Warning: This page is an archive.
General administrative information and links are not current and should not be used.
Contents (2008 - 392)
Poisons and Therapeutic Goods Regulation 2008
Current version for 1 July 2017 to date (accessed 23 November 2017 at 22:17)
Part 3 Division 3 Clause 35
35   Form of prescription
(1)  A prescription for a restricted substance must include the following details:
(a)  the date on which it is issued,
(b)  if the treatment is for:
(i)  a patient—the name and address of the patient, or
(ii)  an animal—the species of animal and the name and address of the animal’s owner, or
(iii)  a patient’s partner and the prescription is for azithromycin for the treatment of chlamydia—the name and email address or mobile phone number of the partner,
(c)  the name, strength (if not readily apparent) and quantity of the substance to be supplied,
(c1)  the route of administration (if not readily apparent) of the substance to be supplied,
(d)  adequate directions for use,
(e)  the maximum number of times the substance may be supplied on the prescription,
(f)  in the case of a prescription for a special restricted substance, the intervals at which the substance may be supplied on the prescription,
(g)  if the prescription is issued at a hospital, the name and designation of the person by whom it is issued and the name, address and telephone number of the hospital,
(h)  if the prescription is issued elsewhere than at a hospital, the name and designation of the person by whom it is issued and the address and telephone number of the premises at which it is issued.

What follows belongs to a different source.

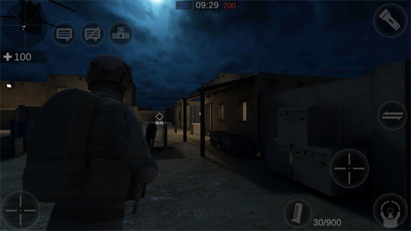5、进入游戏,左边可以控制人物移动,右边可以进行射击,右上方也可以开启手电筒。

(1A)  As an alternative to complying with subclause (1), a medication chart prescription authorising the supply of a substance that is not a special restricted substance or a substance listed in clause 37 must include the following details:
(a)  the date on which it is issued,
(b)  the name and address of the patient,
(c)  the name and form (if not readily apparent) of the substance to be supplied,
(d)  the strength (if not readily apparent) of the substance to be supplied,
(e)  the route of administration (if not readily apparent) of the substance to be supplied,
(f)  adequate directions for use,
(g)  the frequency or times at which the substance is to be administered or used,
(h)  the period during which the substance is to be used or administered (being a period that ends on a date that is no more than 4 months from the date of first use of the relevant chart for the resident),
(i)  the name and designation of the person by whom it is issued,
(j)  the name, address and telephone number of the relevant residential care facility.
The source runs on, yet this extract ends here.